The Campaign for Real Ale (CAMRA) was delighted with the announcements by Sunak. On the subject of the Draught Relief, CAMRA chair Nik Antona said: “The introduction of a draught duty rate is a game-changer for cask beer drinkers, cider and perry drinkers and the great British local. 

“This is something CAMRA has campaigned on for many years and we are delighted the Government has listened, supported our locals and introduced the important principle that beer, cider and perry served in a pub or social club should be taxed at a different rate to alcohol bought at places like supermarkets. 

“CAMRA has previously commissioned research that showed that a draught beer duty rate could pull consumption into pubs and social clubs from the off trade, providing a boost to pubs and local economies. We hope pubs and producers will make sure drinkers see the impact of this revolutionary policy on the price of their pints, to encourage them to return to their locals.  

“We look forward to campaigning for future reductions in draught duty, to make sure that consumers, brewers and publicans can enjoy the maximum benefits of this ground-breaking new policy.” 

Crucial role of pubs recognised

British Beer & Pub Association chief executive Emma McClarkin welcomed the Budget announcement but warned the duty rate in the UK remains among the highest in Europe. She said: “Pubs, brewers and beer drinkers will be toasting the Chancellor today for a range of business-boosting measures. 
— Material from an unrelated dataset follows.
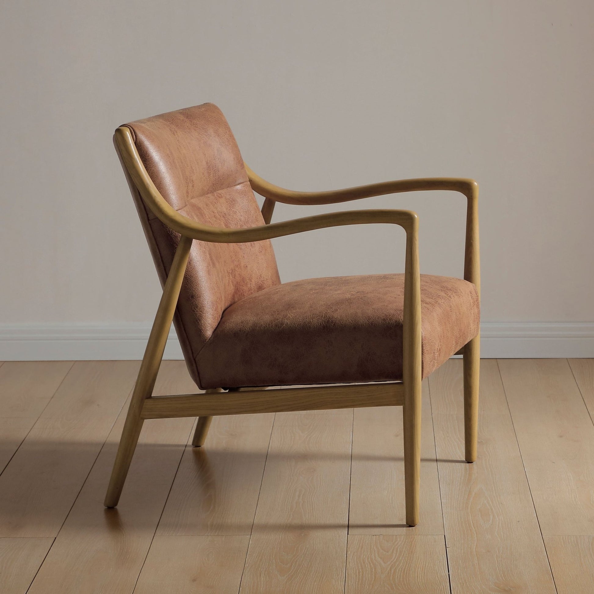The Tarquin Chair features a striking wood frame with beautifully curved arms and spindly style legs. This elegant chair is upholstered in a choice of boucle in natural with dark ash frame or tan vintage leather with light ash frame. The grey boucle with oak frame will be discontinued.
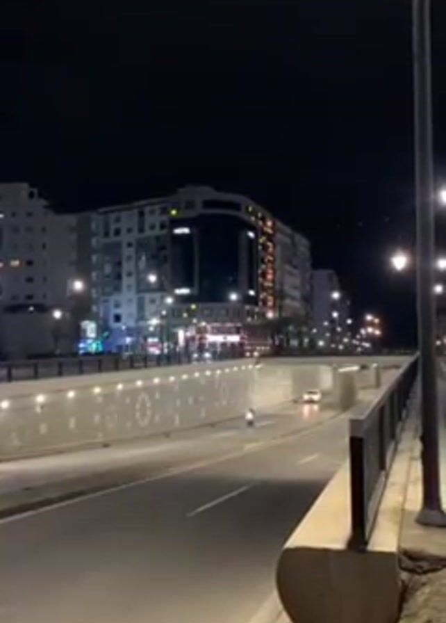 nighttime urban scene. A road with a tunnel underneath the main street is visible. Cars and a scooter are driving on the road. Buildings are lit up in the background. A street light is on the right side of the frame.

“The Chancellor’s decision to freeze beer duty instead of the RPI-linked increase he had planned is to be warmly welcomed. It will save £177m and secure 9,000 vital jobs across the country. Clearly, the Chancellor listened to the 134,000 people who signed the Long Live The Local petition calling on him to support pubs and brewers in the Budget.

“Pubgoers will also be toasting the Chancellor today for announcing a 5% lower duty rate on draught beer worth £62m. This is great news for our local pubs and recognises the crucial role they play in our economy and society. However, the overall beer duty rate in the UK remains among the highest in Europe. It is vital for Britain’s brewers, a world class homegrown manufacturing success story, that the overall beer duty burden is reduced – not just duty on draught beer in pubs. 

“Beer is a low-strength product and breweries have invested heavily in developing a range of innovative, exciting and great tasting low and no alcohol beers. We, therefore, welcome proposals to reduce duty on lower-strength products as part of the proposed modernisation of the alcohol duty regime to better incentivise the consumption of lower-strength drinks.   

“Overall, this has been a good Budget for pubs as they recover from the pandemic. The measures announced today will help pubs and breweries play a leading role in levelling up the economy and building stronger, more vibrant communities throughout the country.”